Firefly vs. the Firing Squad
So Firefly's a terminal case, and it's easy to understand why. Its ratings are in the tank, at least as far as Fox is concerned, even though more people are apparently watching Firefly than either Buffy or Angel. And numerous critics (and presumably viewers) gave up on the show after a lackluster first episode mandated by Fox after the network nixed the show's original pilot.
But here's the nasty little secret: Firefly is an absolutely brilliant show, perhaps the best sci-fi show on television today -- and certainly the one with the most potential for future brilliance. In the weeks since its weak opening episodes, the series has run off a string of seven strong shows that would be the envy of any other TV show on the air today.
This summer, it appeared that Whedon's Mutant Enemy production company had bitten off more than it could chew. Buffy was in disarray after a creatively disastrous season; Angel was reeling from the loss of showrunner David Greenwalt and lukewarm support from the Buffy-less WB network; and Firefly's pilot had been sent back to the kitchen. It looked like Whedon and his gang had overplayed their hand; the results weren't going to be pretty, and in the end it looked like the TV wunderkind was going to have plenty of spare time in which to write that stage musical or screenplay that he'd always been meaning to get to during Buffy downtime.
But a funny thing happened on the way to the charnel house. Whedon and his creative team proved that, far from being one-hit wonders, they're some of the best talents working in television today. Buffy has rebounded with what might be its best season in four years, and Angel has so thrived on its own that The WB is moving it to Wednesday nights in hopes that it can clean up the pile of leather and mascara left behind by Birds of Prey.
And then there's Firefly. Perhaps the show's toughest sell, judging from its first few episodes, is that it's sort of a western. Set on other planets and in outer space, sure, but with jangly country-western music and dusty frontiers populated by cows, horses, and dirty men in overalls who actually say "dadgummit."
Only after a dozen episodes does Firefly's depth and versatility really show through. In past weeks, the show has managed to slide between taut locked-in-a-spaceship drama, wacky old-west-cotillion shenanigans, and a terrifyingly violent confrontation in a sterile high-tech medical facility. This show that seemed to have painted itself into a corner with its images of horses and dust bowls turns out to actually have a remarkably broad canvas, with highly industrialized "core planets" straight out of standard sci-fi, as well as poor, low-tech backwoods worlds that rely on incoming starships the way an old west town would wait for the stagecoach to arrive. And given the series' striking use of Mandarin as well as English, one can only assume that there are some Chinese cultures out there to explore as well.
Filling out the canvas is Firefly's ensemble, a stage-choking nine members strong. Are you like me? Do you see a show with a half-dozen characters and start having trouble telling them apart? Like those three interchangeable guys on Enterprise, who are exactly the same character except that one of them is black and one is English.
Enterprise only has seven characters.

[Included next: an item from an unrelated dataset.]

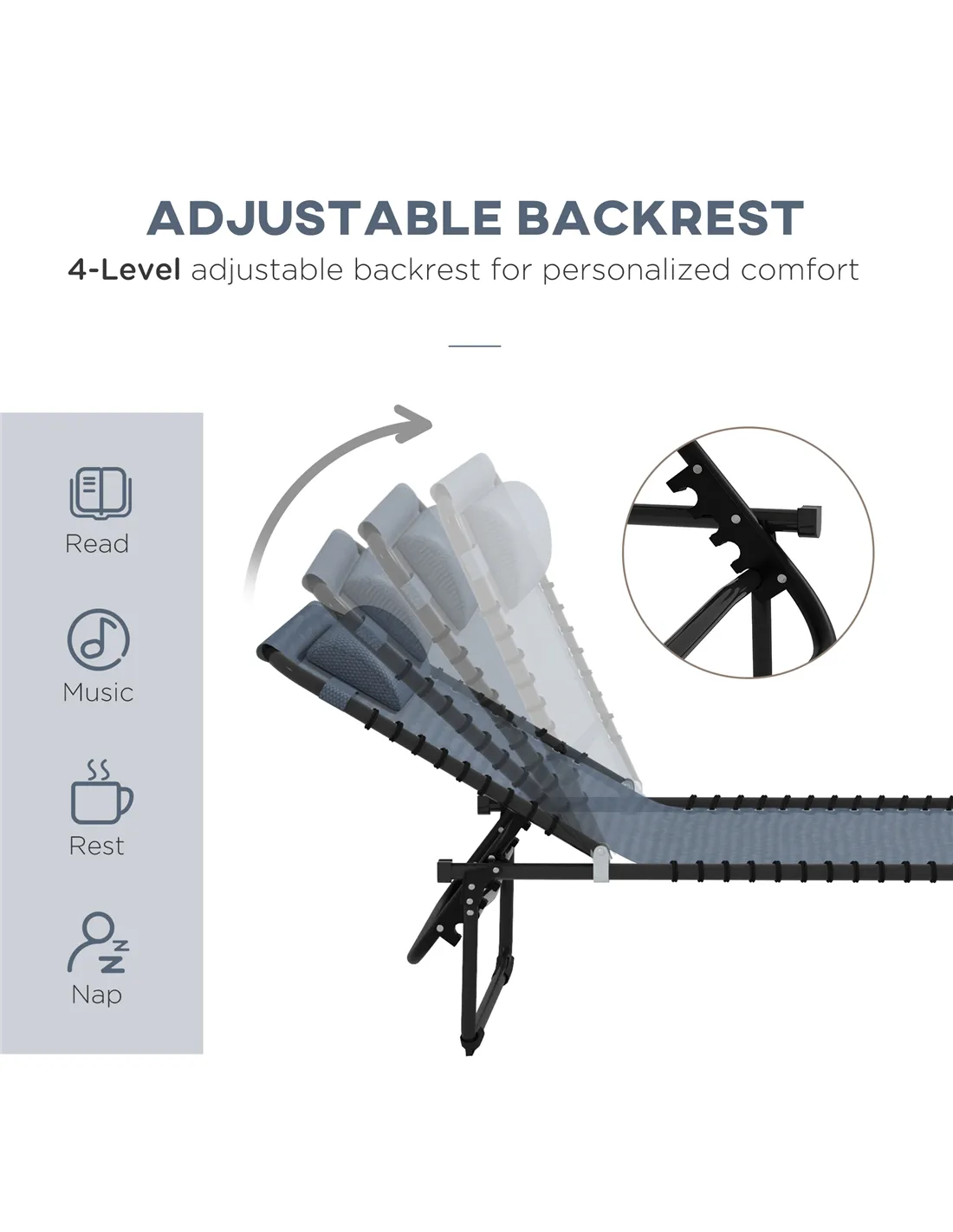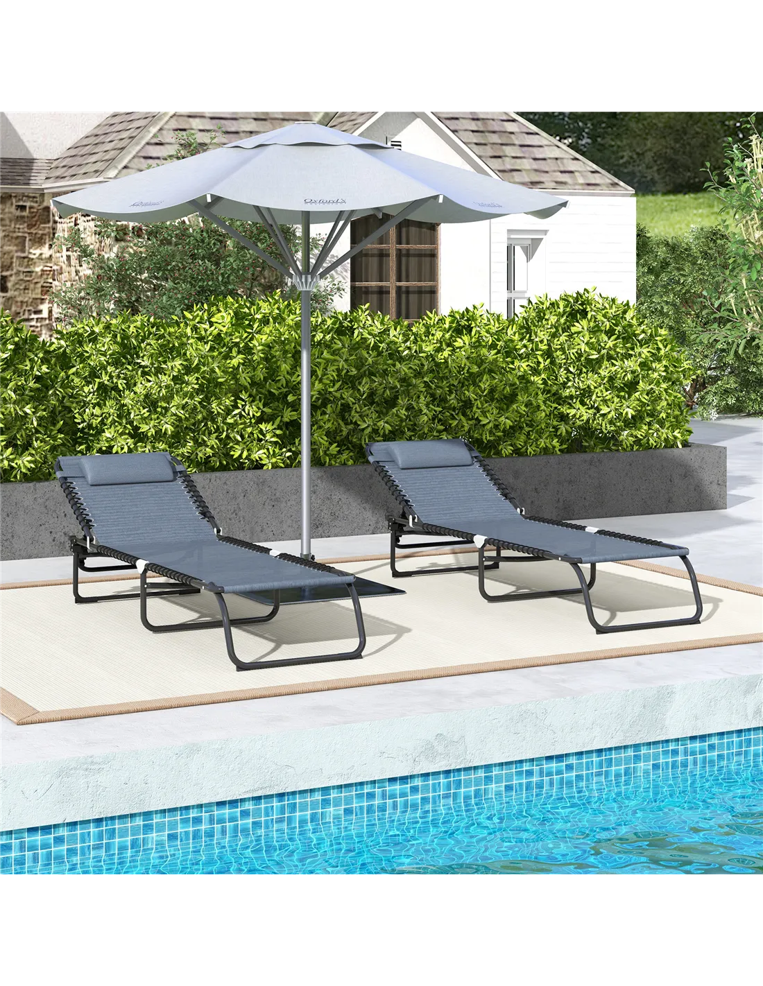 Outsunny Set of Two Folding Sun Loungers, with Four-Position Backs - Grey

But Firefly, loaded up with two more characters than your standard Trek ensemble, accomplishes something that I never thought possible: each character is well-defined, can't be mistaken for a different character, and has traits that contribute to making the show fun to watch. Holding it all together is Nathan Fillion as Captain Malcolm Reynolds, no longer one of those guys with the girl at the pizza place. Instead, he's playing the lovable rogue who's, to his chagrin, actually a Hero with a capital H. Reynolds is far from perfect, and is certainly not above thievery -- in fact, he and his crew seem to make most of their living by stealing -- yet when there's a moral decision to be made, he's always on the side of good.

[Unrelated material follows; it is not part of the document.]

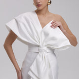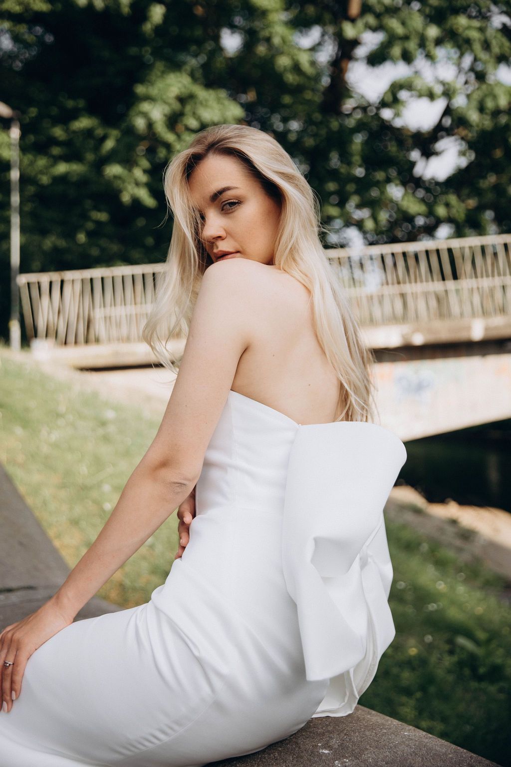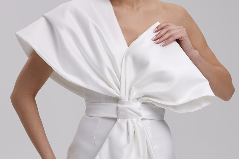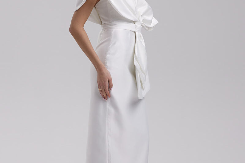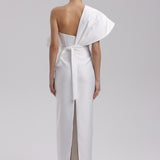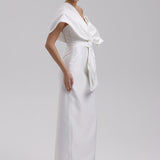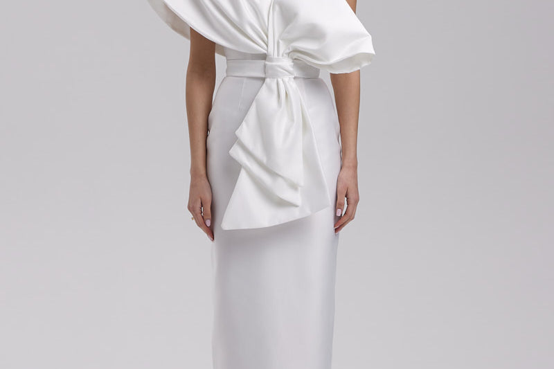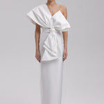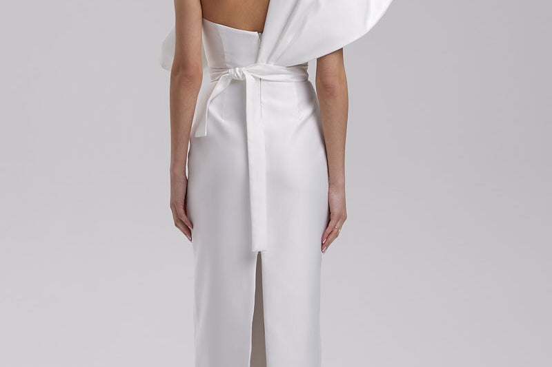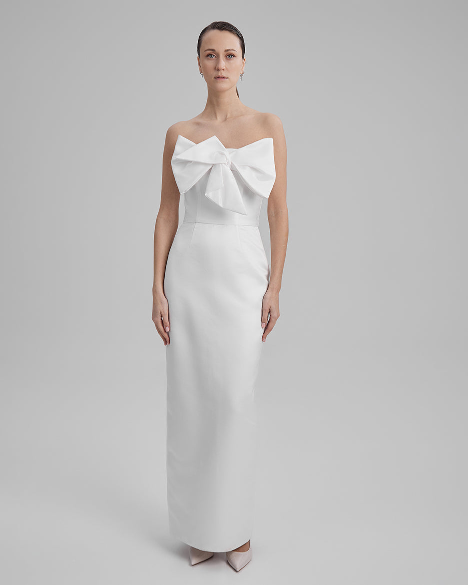 GIGI DRESS + KIMONO BOW | strapless cone maxi in white

The other characters include a rare married couple (whose marriage is, in many ways, portrayed more realistically than most non-sci-fi shows), a fugitive pretty-boy doctor and his mentally ill savant sister, a high-class call girl, a cute-as-a-button grease-monkey engineer, and a preacher with a mysterious past (played by the fantastic Ron Glass of Barney Miller fame).
And then there's the topper: Adam Baldwin's portrayal of Jayne. Jayne is everything that Reynolds is not: dishonorable, rude, and cowardly. If Whedon's learned anything from his previous shows, it's that a series regular who stands in opposition to his other characters works wonders. An anti-character can make your other characters look more heroic in comparison, and is pretty damned good with the comic relief as well. And although this bearded lummox with a tendency to steal from his crewmates seems pretty far removed from Charisma Carpenter's cheerleader queen in the early years of Buffy, they serve identical purposes.
Even if Firefly is being snuffed out, it's still a milestone for Joss Whedon and his team. Stripped of his sly pop-culture references by the show's far-future setting, Whedon has proven that he can write hilarious comedy mixed with equal parts character drama and bang-up suspense. Buffy was no fluke. The people at Mutant Enemy can make great TV, and with appalling consistency.